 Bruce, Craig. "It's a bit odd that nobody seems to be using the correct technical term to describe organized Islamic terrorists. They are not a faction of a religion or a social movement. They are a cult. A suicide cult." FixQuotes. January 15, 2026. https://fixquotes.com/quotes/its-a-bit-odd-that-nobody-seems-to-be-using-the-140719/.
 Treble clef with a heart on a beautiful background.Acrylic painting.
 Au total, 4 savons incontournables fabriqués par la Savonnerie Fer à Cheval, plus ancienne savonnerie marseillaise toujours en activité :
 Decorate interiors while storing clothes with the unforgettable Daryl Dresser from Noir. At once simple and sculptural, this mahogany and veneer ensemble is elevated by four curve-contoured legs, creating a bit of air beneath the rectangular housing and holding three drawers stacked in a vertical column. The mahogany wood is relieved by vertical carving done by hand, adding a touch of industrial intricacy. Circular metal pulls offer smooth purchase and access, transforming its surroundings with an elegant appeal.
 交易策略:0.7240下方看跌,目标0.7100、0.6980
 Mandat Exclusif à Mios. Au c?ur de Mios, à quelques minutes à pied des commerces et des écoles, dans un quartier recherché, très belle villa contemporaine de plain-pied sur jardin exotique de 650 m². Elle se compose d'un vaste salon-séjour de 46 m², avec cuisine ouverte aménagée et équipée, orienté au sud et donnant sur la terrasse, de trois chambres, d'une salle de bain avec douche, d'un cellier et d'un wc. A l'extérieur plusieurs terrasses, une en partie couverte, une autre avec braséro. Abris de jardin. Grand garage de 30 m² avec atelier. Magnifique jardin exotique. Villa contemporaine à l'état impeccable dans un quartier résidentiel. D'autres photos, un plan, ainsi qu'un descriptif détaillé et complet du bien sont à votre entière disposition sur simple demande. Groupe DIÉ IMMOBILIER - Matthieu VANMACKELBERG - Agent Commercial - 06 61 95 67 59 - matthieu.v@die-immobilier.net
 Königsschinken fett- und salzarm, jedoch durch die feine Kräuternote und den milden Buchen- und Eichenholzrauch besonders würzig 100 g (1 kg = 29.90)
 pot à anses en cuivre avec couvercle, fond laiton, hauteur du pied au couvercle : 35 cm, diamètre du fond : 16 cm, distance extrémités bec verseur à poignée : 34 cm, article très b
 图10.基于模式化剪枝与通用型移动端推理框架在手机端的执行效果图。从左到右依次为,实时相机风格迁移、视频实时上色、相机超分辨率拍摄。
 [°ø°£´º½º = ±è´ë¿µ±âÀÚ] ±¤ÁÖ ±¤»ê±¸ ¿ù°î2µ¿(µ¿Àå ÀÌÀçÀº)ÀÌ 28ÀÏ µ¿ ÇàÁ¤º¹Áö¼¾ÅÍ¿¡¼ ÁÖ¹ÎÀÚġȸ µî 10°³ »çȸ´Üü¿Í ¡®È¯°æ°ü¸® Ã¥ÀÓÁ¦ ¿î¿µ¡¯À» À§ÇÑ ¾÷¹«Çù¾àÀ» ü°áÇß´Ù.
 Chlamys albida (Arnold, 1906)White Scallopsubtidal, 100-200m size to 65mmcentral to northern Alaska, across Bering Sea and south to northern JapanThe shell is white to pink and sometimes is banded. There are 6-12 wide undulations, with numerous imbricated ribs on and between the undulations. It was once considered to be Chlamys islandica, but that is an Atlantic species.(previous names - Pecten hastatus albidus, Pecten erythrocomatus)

■ **What to do**
As the answer, set down only the lines from the data above between the one holding "Treble clef with" and the one holding "交易策略:0.7240下方看跌,目标0.7100、0.6980", inclusive, exactly as they read.

■ **Solution for this exercise**
 Treble clef with a heart on a beautiful background.Acrylic painting.
 Au total, 4 savons incontournables fabriqués par la Savonnerie Fer à Cheval, plus ancienne savonnerie marseillaise toujours en activité :
 Decorate interiors while storing clothes with the unforgettable Daryl Dresser from Noir. At once simple and sculptural, this mahogany and veneer ensemble is elevated by four curve-contoured legs, creating a bit of air beneath the rectangular housing and holding three drawers stacked in a vertical column. The mahogany wood is relieved by vertical carving done by hand, adding a touch of industrial intricacy. Circular metal pulls offer smooth purchase and access, transforming its surroundings with an elegant appeal.
 交易策略:0.7240下方看跌,目标0.7100、0.6980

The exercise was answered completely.